Hong Kong trainer Douglas Whyte is taking a somewhat unusual route here, using the 1800m G1 Jebel Hatta (officially the prep for the G1 Dubai Turf) as a lead-up for the 2400m G1 Dubai Sheema Classic. In doing so, he’s landed his six-year-old in a fairly deep race, with four Godolphin horses to beat including Real World and Master Of The Seas.

But Russian Emperor has bags of talent and has arrived at Meydan in red hot form after his recent big-race success in Qatar. This distance is below his optimum, so perhaps best not to expect a win this time, but he has been Group 1-placed over a mile at Sha Tin in the past and he should still be running a good race as a sighter for the big one at the end of the month. Hong Kong’s last win in Dubai was back in 2016 when Rich Tapestry won the Al Shindagha Sprint.

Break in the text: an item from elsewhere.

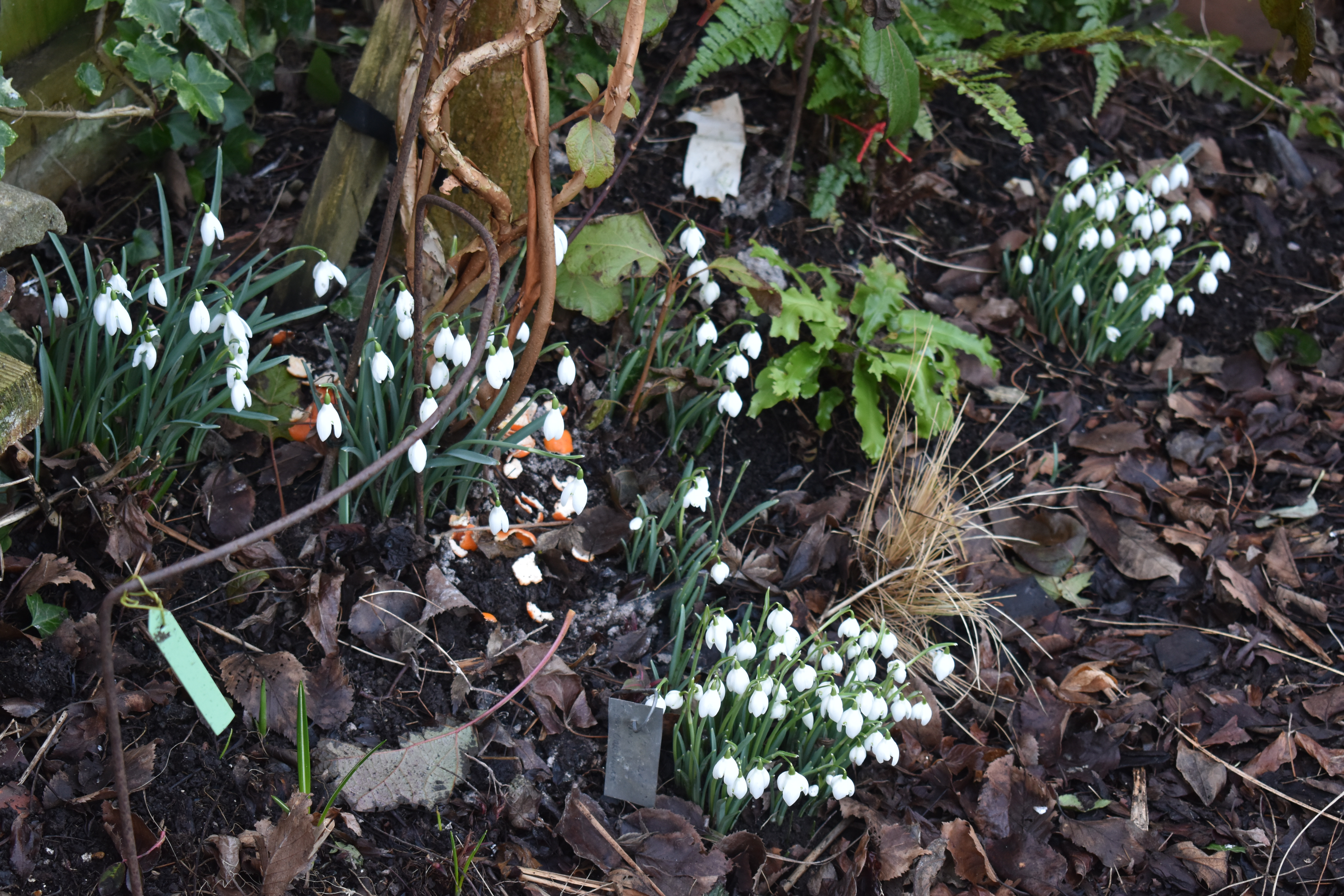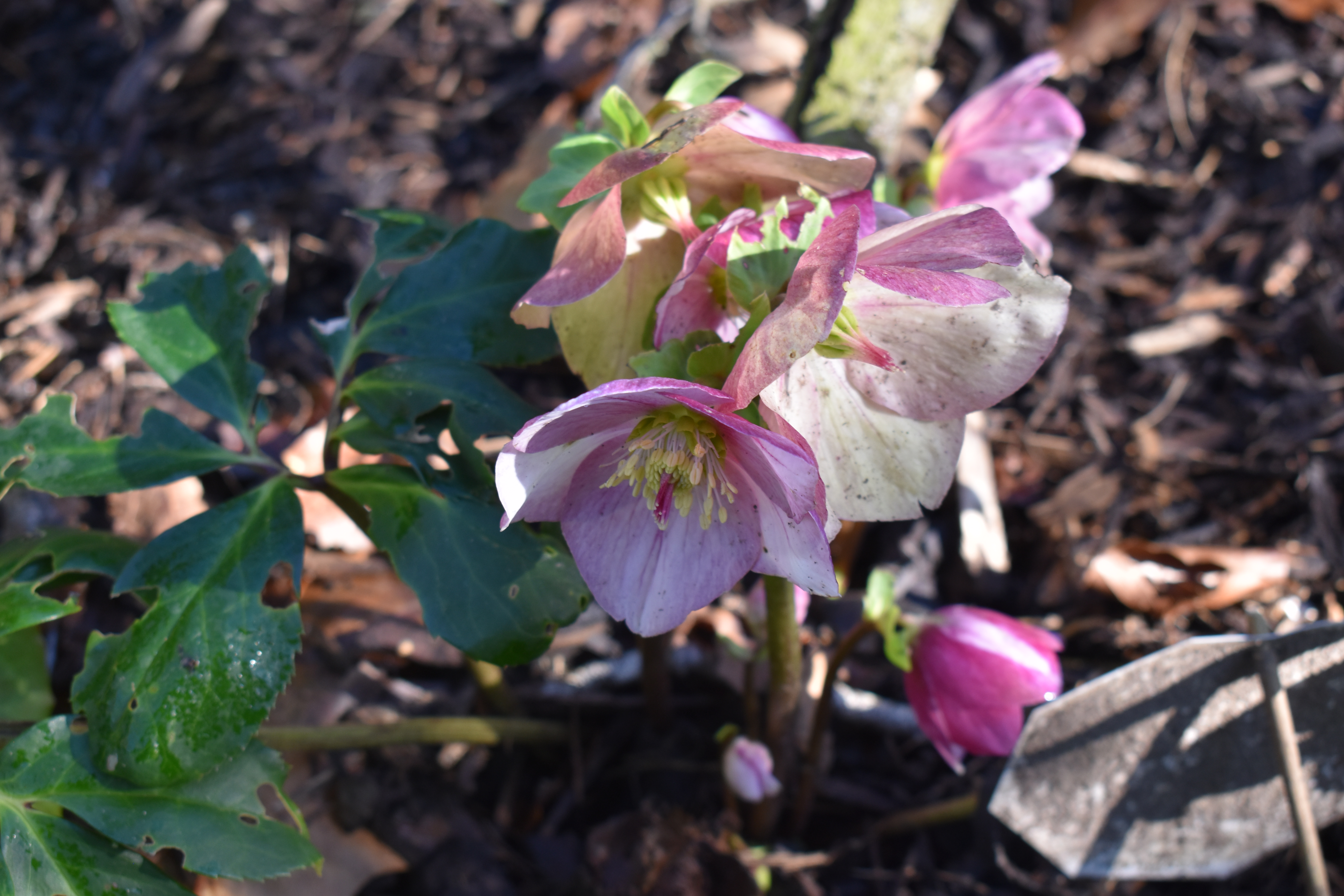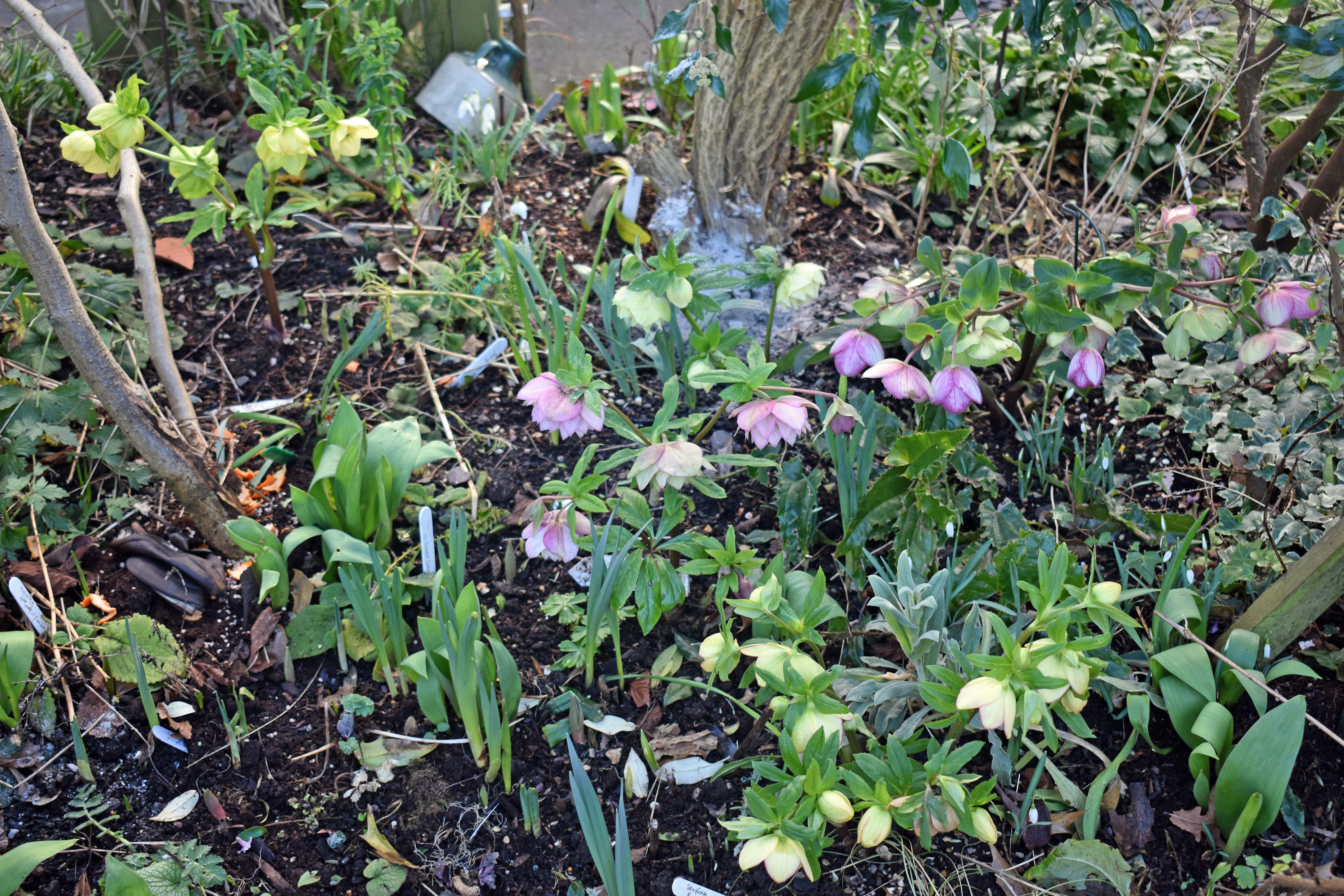 “Eranthis hyemalis also known as Winter Aconite with emerging crocosmias.” A mix of our hellebores in our ‘Winter Border’.”

Alberto Sanna celebrates Russian Emperor's G1 H.H. The Amir Trophy success. (Photo by QREC Photo)

Slava Ukraini – Listed Al Bastakiya

His name means ‘Glory to Ukraine’ and the Danish-bred colt’s five-strong ownership group includes one man who is based in the war torn country but who managed to make it to Meydan to see the horse run last month.

Gauging Slava Ukraini’s Danish form is not easy but trainer Niels Petersen’s three-year-old has run two good races this Carnival, finishing fifth and fourth, on turf, both times at odds of 50-1. The second of those was an improved effort and saw him beaten by less than two lengths over 2000 metres. The switch to dirt for the first time in the Listed Al Bastakiya over 1900m is an interesting move.

Al Dasim – G3 Nad Al Sheba Sprint

George Boughey is a trainer going places at a rapid pace so his runners are always worth a look. Al Dasim was the upwardly mobile Englishman’s first winner in Dubai and the colt has since made it two from two over the same course and 1200m distance he’ll go over in the G3 Nad Al Sheba Turf Sprint.

In truth, he was probably the best of a mediocre bunch of three-year-old sprinters at this year’s Carnival, and he doesn’t have a great draw on Saturday taking on his elders for the first time. But this race isn’t all that strong either, so maybe he takes it to three from three, beats a few old boys for good measure and further enhances Boughey’s reputation.

Al Dasim contests the G3 Nad Al Sheba Turf Sprint. (Photo by Dubai Racing Club)

Aegean Finale – G1 Jebel Hatta

If Turkish raider Aegean Finale doesn’t win the G1 Jebel Hatta, it will be the end of a frustrating run in Dubai for his connections, who have seen him finish a close second twice. Last time out he was stopped for a clear run, charging home and only failing by a neck.

The four-year-old was trained by Batuhan Ay when winning the G2 Queen Elizabeth Cup at Ankara in October 2021 but switched to Orkun Ozelcanat for this Dubai campaign. After his two close misses at a mile, Aegean Finale is now up in trip and he has won his sole previous start at this 1800m distance. That all means he’s no forlorn hope to provide Turkey with their first Dubai winner since Pan River in 2010.

White Wolf – G2 Dubai City Of Gold

It will be a massive surprise if Godolphin go winner-less on Saturday, but White Wolf in the G2 Dubai City Of Gold is one of their less-heralded runners. The gelding was considered to be an Epsom Derby candidate last spring until only sixth of eight in the G2 Dante Stakes in May, at just his second start. A long break followed before he returned with a minor win at Wolverhampton in October, followed by a close second on his Carnival debut.

White Wolf has consistently been talked up by trainer Saeed Bin Suroor, who even tried to turn him into a Dubai World Cup horse by running him on dirt last time. That experiment failed, but he could materialise as a worthy G1 Sheema Classic contender if he can win what looks to be a weak edition of this 2400m lead-up.